Pour financer ses opérations militaires, l'Ordre se dote d'une structure logistique et économique sans précédent. Grâce aux très nombreux dons fonciers qu'il reçoit à travers toute l'Europe, il se constitue un immense réseau de domaines agricoles et de monastères fortifiés : les commanderies. Cette organisation remarquable donne naissance à de nouveaux buts, qui accroissent sa puissance :

°Gestion agraire et commerciale : Les commanderies deviennent des centres de production agricole et de commerce très performants. Les bénéfices sont systématiquement réinvestis pour financer l'effort de guerre en Orient (armes, chevaux, nourriture).

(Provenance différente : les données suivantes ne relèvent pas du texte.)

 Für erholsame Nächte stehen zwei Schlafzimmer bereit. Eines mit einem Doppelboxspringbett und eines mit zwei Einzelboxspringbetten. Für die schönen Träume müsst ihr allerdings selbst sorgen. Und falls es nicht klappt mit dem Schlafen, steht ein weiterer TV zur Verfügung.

°Innovation financière : Les Templiers développent un système de lettre de change, ancêtre du chèque de voyage, permettant aux pèlerins et aux rois de déposer de l'argent dans une commanderie en Europe et de le retirer en Terre Sainte, sécurisant ainsi les transactions. Ils deviennent les banquiers des puissances de l'époque, gérant même parfois le trésor royal.

L'Ordre était organisé en trois groupes : les chevaliers (issus de la noblesse), les frères servants ou sergents (non-nobles), et les chapelains (prêtres). Tous arboraient une croix rouge pattée cousue sur leur manteau, blanc pour les chevaliers et noir ou brun pour les sergents.

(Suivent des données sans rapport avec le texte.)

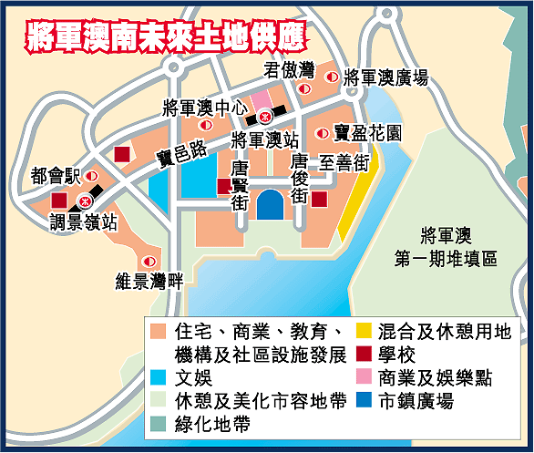 據報告估計,稍後便會修訂將軍澳分區計劃大綱圖,反映此研究結果內容,當明年中後期完成修定程序後,政府便可進行批地及賣地。

La Destinée : Une chute brutale et une postérité légendaire

La perte de Saint-Jean-d'Acre en 1291, dernier bastion chrétien en Terre Sainte, marque un tournant fatal. Rapatriés en Europe, les Templiers perdent leur principale raison d'être militaire. Leur puissance financière, leur indépendance (ils ne rendaient de comptes qu'au Pape) et le secret qui entourait leurs rites d'initiation suscitent alors jalousie et méfiance.

Le roi de France, Philippe IV le Bel, lourdement endetté auprès de l'Ordre et soucieux de renforcer son pouvoir face à une institution aussi influente, orchestre leur chute. Le vendredi 13 octobre 1307, il fait arrêter massivement tous les Templiers de son royaume. Un procès inique s'ensuit, où, sous la torture, les accusés avouent les crimes les plus infâmes (hérésie, idolâtrie, sodomie).

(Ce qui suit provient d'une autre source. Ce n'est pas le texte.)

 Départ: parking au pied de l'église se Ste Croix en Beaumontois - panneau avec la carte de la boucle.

Malgré les rétractations ultérieures de nombreux frères, le Pape Clément V, sous la pression du roi, finit par céder. Le 22 mars 1312, lors du concile de Vienne, l'Ordre du Temple est officiellement aboli. 

Ses biens sont en grande partie dévolus à un autre ordre militaire, les Hospitaliers. Le grand-maître, Jacques de Molay, et d'autres dignitaires sont brûlés vifs à Paris en 1314, en proclamant l'innocence de l'Ordre.

La dissolution brutale de l'Ordre, la disparition supposée de son trésor et le mystère entourant ses activités ont donné naissance à d'innombrables mythes et légendes qui perdurent encore aujourd'hui, assurant aux Templiers une place unique et fantasmée dans l'imaginaire collectif.